== Source data ==
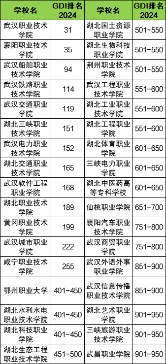 本文以2024年GDI全国高职高专院校排名为参考依据,列举湖北省内专科院校的全国排名情况,其中排名前5的分别为:
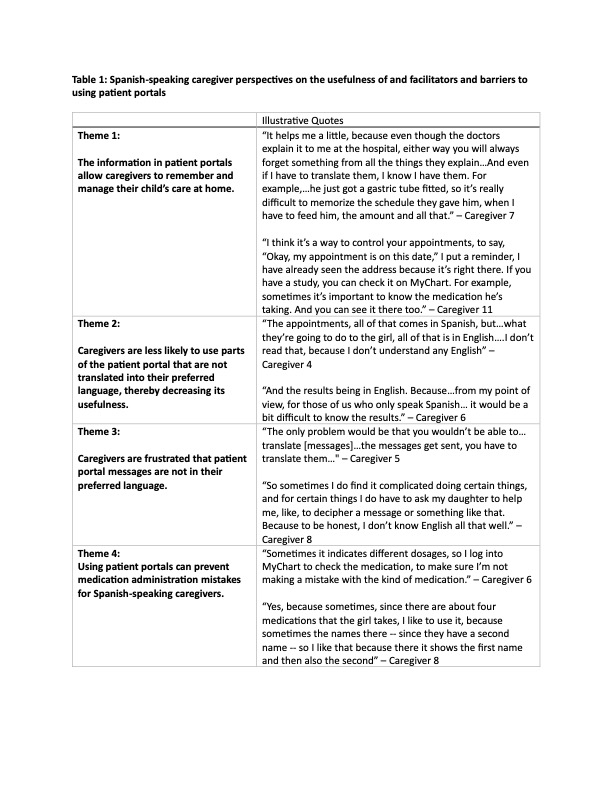 Results: We interviewed 20 caregivers. Four themes were identified: 1) The information in patient portals allow caregivers to remember and manage their child’s care at home; 2) Caregivers are less likely to use parts of the patient portal that are not translated into their preferred language, thereby decreasing its usefulness; 3) Caregivers are frustrated that patient portal messages are not in their preferred language; 4) Using patient portals can prevent medication administration mistakes for Spanish-speaking caregivers (Table 1).
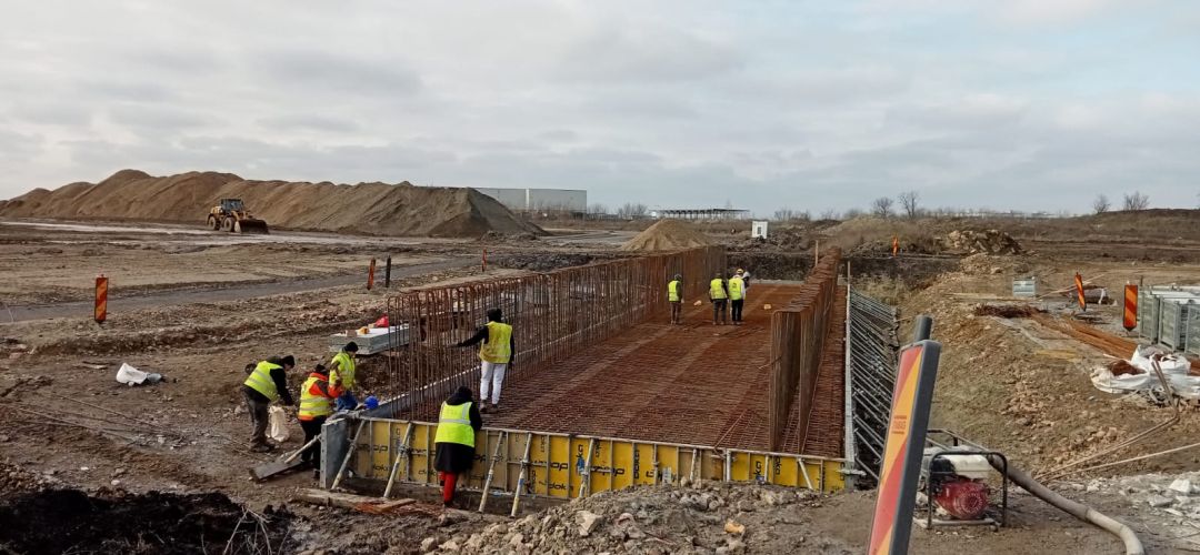 “Pe șantierul drumului de legătură a DN 69 Timișoara – Arad cu autostrada A1, in ciuda umidității ridicate din sezonul de iarnă, muncitorii au fost pe teren, lucrările au fost similare cu perioada anterioară, acestea fiind totuși condiționate de starea vremii: realizarea de umpluturi de pământ, strat de formă, strat de fundație din balast, stabilizare cu liant hidraulic, montare de prefabricate, relocarea rețea de electricitate LEA 220 kV etc. Echipele au insistat, în ultima perioada, pe amenajarea drumului tehnologic și amenajarea platformei pentru macarale în vederea montării, în 2025, a grinzilor pe pasajul peste A1. Stadiul lucrărilor este de aproape 40%“, transmit reprezentantii DRDP Timisoara.
===
What needs to be done:
Every line from the one with "Results: We interviewed" through the last line of the material gets printed exactly, and nothing more. Omit the pictures.

Exercise response:
 Results: We interviewed 20 caregivers. Four themes were identified: 1) The information in patient portals allow caregivers to remember and manage their child’s care at home; 2) Caregivers are less likely to use parts of the patient portal that are not translated into their preferred language, thereby decreasing its usefulness; 3) Caregivers are frustrated that patient portal messages are not in their preferred language; 4) Using patient portals can prevent medication administration mistakes for Spanish-speaking caregivers (Table 1).
 “Pe șantierul drumului de legătură a DN 69 Timișoara – Arad cu autostrada A1, in ciuda umidității ridicate din sezonul de iarnă, muncitorii au fost pe teren, lucrările au fost similare cu perioada anterioară, acestea fiind totuși condiționate de starea vremii: realizarea de umpluturi de pământ, strat de formă, strat de fundație din balast, stabilizare cu liant hidraulic, montare de prefabricate, relocarea rețea de electricitate LEA 220 kV etc. Echipele au insistat, în ultima perioada, pe amenajarea drumului tehnologic și amenajarea platformei pentru macarale în vederea montării, în 2025, a grinzilor pe pasajul peste A1. Stadiul lucrărilor este de aproape 40%“, transmit reprezentantii DRDP Timisoara.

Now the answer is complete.